How to estimate retirement corpus in this case? Use the above calculator with the following data:
- Current Income Requirement (Rs.): 70,000.
- Return on Investment (% p.a.): 6.
- Time for Retirement (Years): 10.
- Avg. Inflation in future years (% p.a.): 6.
Considering the above numbers, necessary retirement corpus is Rs.2.5 crore (10 years from now).
Hence, Jack must build Rs.2.5 Crore in next 10 years to retire early (at 40 years of age).
7. Deduce a Monthly Investment Plan
Why we are talking about an investment plan?
Let’s carry Jack’s example further for better understanding.
In #6.2 above, it was clear that Jack needs Rs.2.5 crore before considering early retirement at 40 (in next 10 years).
How Jack will build the corpus of Rs.2.5 crore in 10 years? Jack has two alternatives:
- Savings Route: Jack must build Rs.250 Lakhs in 10 years. It means each month Jack must save Rs.2.08 lakhs. This way in 10 years Jack will collect Rs.250 Lakhs (Rs.2.08 x 12 x 10). But Jack’s income is only Rs.2.0 Lakhs per month. It is impossible for him to follow savings route and build Rs.250 lakhs.
- Equity Investing: If Jack invests Rs.84,000 per month in equity based mutual fund for next 10 years (@16.5% p.a. return), he can build Rs.250 lakhs. You can also check the numbers using the below calculator.
Monthly Investment Calculator
|Corpus to be Built (Rs.Lakhs)|
|Current Savings (Rs.Lakhs)|
|Expected Return p.a. (%)|
|Time (in years)|
|SIP (monthly contributions) (Rs.)|
Jack must use the the power of compounding (investing).
This way his monthly investment load will be substantially reduced.
Jack, who spends Rs.2.0 lakhs per month, with some effort can save 84,000 per month for onward investing.
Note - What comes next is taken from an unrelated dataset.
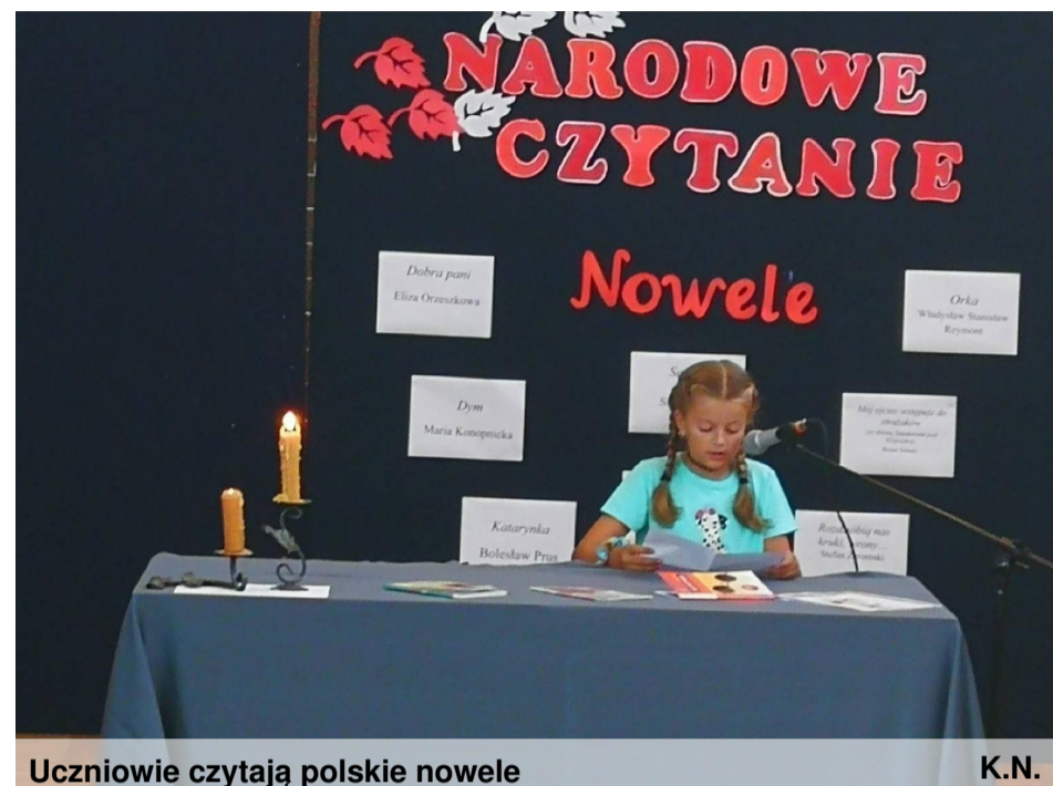
Uczniowie czytają polskie nowele

The amount of Rs.84,000 per month can be reduced if Jack has some existing savings (say Rs.10 Lakhs).
In this case what will be the investment load on Jack?
Use the above calculator with the following metrics:
- Corpus to be built (Rs.Lakhs): 250
- Current Savings (Rs.Lakhs): 10.
- Expected Returns (% p.a.): 16.5.
- Time for Retirement (years): 10.
Jack’s investment load will be Rs.68,500 per month.
The investment plan for Jack
He’ll invest Rs.68,500 per month for next 10 years, in a vehicle which can generate a return of 16.5% p.a. to build a corpus of Rs.250 lakhs.
Such specific calculations actually helps in creation of a realistic roadmap for early retirement.
Is this enough? One can achieve financial independence just by investing? Yes and No.
Yes because, mathematically, nothing else is required.
No because, I personally felt the need for more. What I did?
8. How I secured my Early Retirement?
When I started implementing my investment plan, everything was going like perfect (It was those years of 2009-10).
The market was bullish. Everything I was touching was giving some returns.
But soon, I faced reality. I could see my portfolio size not growing as fast.
In fact, for next 3-4 years, market was either stagnant or too volatile.
But I never stopped my SIP contribution. I picked my mutual funds and remained stuck to it.
I still remember, ‘HDFC Top 200 fund’ was one of my picks in those days.
In those moments of uncertainty, I though about alternative income generation.
Since then, my focus has drifted from capital appreciation to regular income generation.
I started becoming a die-had fan of passive income sources.
I also decided to start my full time blog which eventually became a decent income generator.
When my blog became more stable, I started diverted most of my income towards reducing my debt burden.
I still remember, how fanatic I was towards the goals of living a loan free (zero EMI) life.
Tips: From my personal experience:
- Continue your SIP no matter what.
- Invest for passive income generation.
- Try to build an alternative income source.
- Become debt free asap.
We all want to retire early from our job to lead a free life.
But in order make this dream a reality we shall get passionate about its realization.
The next step is to set forth and write down few steps about how you are planning to reach this ultimate goal.
Always remember that, plan for early retirement is linked with ones ability to lead a financially independent life.
If one can become financially independent, dream of early retirement will automatically become a reality.